The dots connected throughout the pandemic. CWU members described how some congressional offices disregarded the health of their workers. One example given was about elected officials or chiefs of staff testing positive for COVID-19 without telling the other staffers. A CWU organizer told the Prospect that this translated to a sense of “disposability,” resulting in a fearful environment that leaves staffers hindered from doing their job.
And the culmination of this was the Capitol Riot on January 6, 2021, when their workplace literally became a battleground. That accelerated a growing problem of worker retention. The average tenure of staff in the House is around three years. Last year, CWU said, the turnover rate was the worst it has ever been.
The result is that staffers who initially come to Washington wanting to do public service soon thereafter enter the private sector as lobbyists. CWU members explained that last year, the lobbying industry spent $2.47 billion on an estimated 11,000 staff, while Congress spent $1.48 billion on approximately 9,000 staffers.
While a multitude of factors influence the revolving door, and a union wouldn’t stop the practice entirely, CWU workers said that a union would at least give staffers the opportunity to stay in public service. Many staffers leave the Hill because it’s incompatible with markers of adulthood like starting a family and buying a house.
The sentiment isn’t just limited to one party either. CWU organizers told the Prospect that Republican congressional staffers are also sick of being impeded in their ability to do their jobs because of the outsized influence of lobbyists and other special-interest groups.
YESTERDAY’S VOTE IS JUST THE BEGINNING of what CWU expects to be a long process that will show whether lawmakers and senior staff truly can walk the talk. As one organizer put it, “Negotiating in good faith with the CWU is an opportunity for our bosses to do their jobs better.”
Levin, himself a former union organizer, explained that he told his staff that if they wanted to form a union unaffiliated with CWU, his office would recognize them. But at the same time, he worried that a union that does not represent all congressional workers would essentially create a blacklist for staffers after they left his office.
Most of the feedback across the Hill is supportive, according to one CWU member.
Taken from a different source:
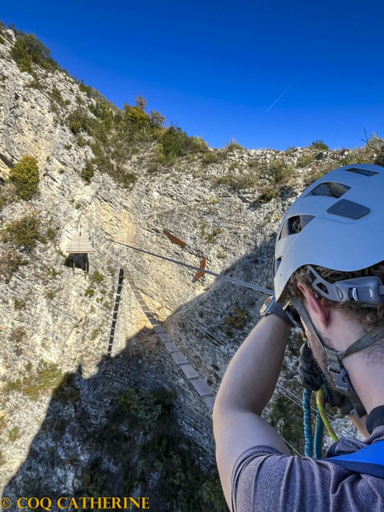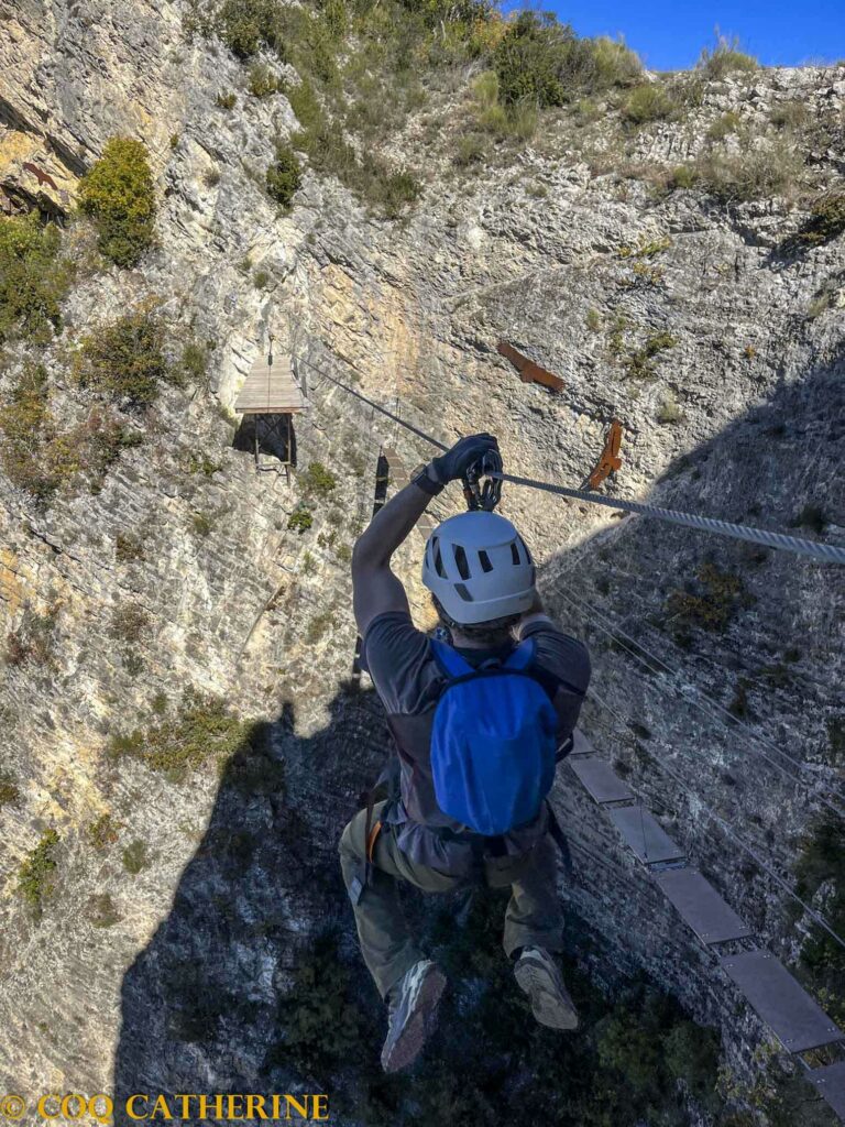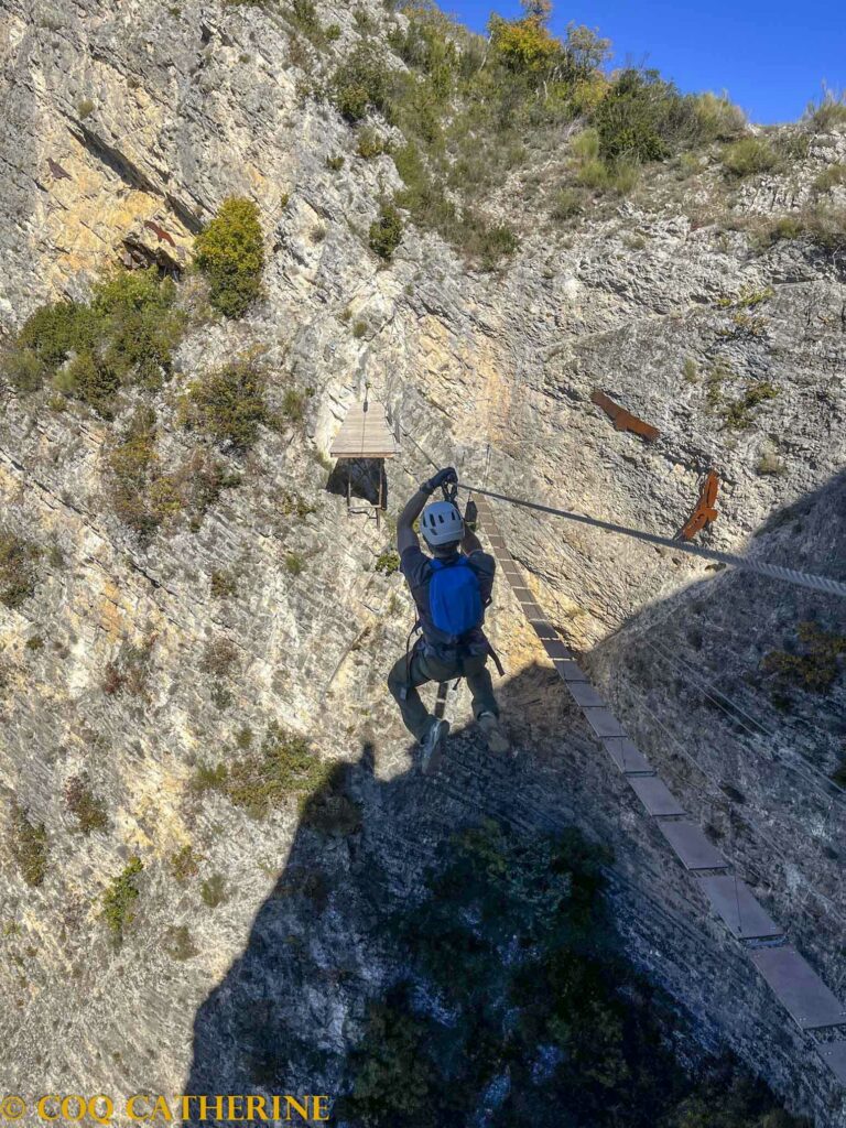 Ensuite je grimpe l’Echelle de la Grande Baume avant de traverser par le Pont Népalais de l’Aigle. Puis nous traversons par la poutre aux Hirondelles pour rejoindre le parcours des Vautours. Ce passage est plus impressionnant que difficile et l’ambiance y est extraordinaire !C’est pourquoi, je vous recommande vraiment cette première section pour vous imprégner du vide !

But in the long run, they said, “Management has a vested interest in dissuading us from the [bargaining] table.” The criticism CWU hears about their organizing effort mirrors the same dynamics that workers across the country have experienced. While organizers refrained from describing it as retaliation, they said that stories have circulated about management telling employees that they can negotiate for workplace improvements through non-collective-bargaining efforts, or that some things that CWU is asking for are entirely impossible.
CWU added that, even though reports say they wouldn’t be able to negotiate their wages, that’s without a factual basis. Under the Congressional Accountability Act, they are granted those rights by the Office of Congressional Workplace Rights. “It’s not up to management to say how this process works out,” noted one CWU member.
I asked the CWU about where their organizing efforts fit into the larger narrative of a resurgent labor movement across the country. One staffer told me, “It’s about time it reached the halls of Congress.” The CWU has developed a keen synthesis between understanding that Congress is not working as it should, and how improvement in their working conditions can facilitate a more democratic process. They said that many congressional staffers don’t have prior labor organizing experience; however, they’ve seen up close how corporate power, intentionally wrought by federal policy, has decimated the economy and the power workers once had.
A union “gives us a voice,” one member added. “We carry out democracy every day, but we don’t have it in our offices.”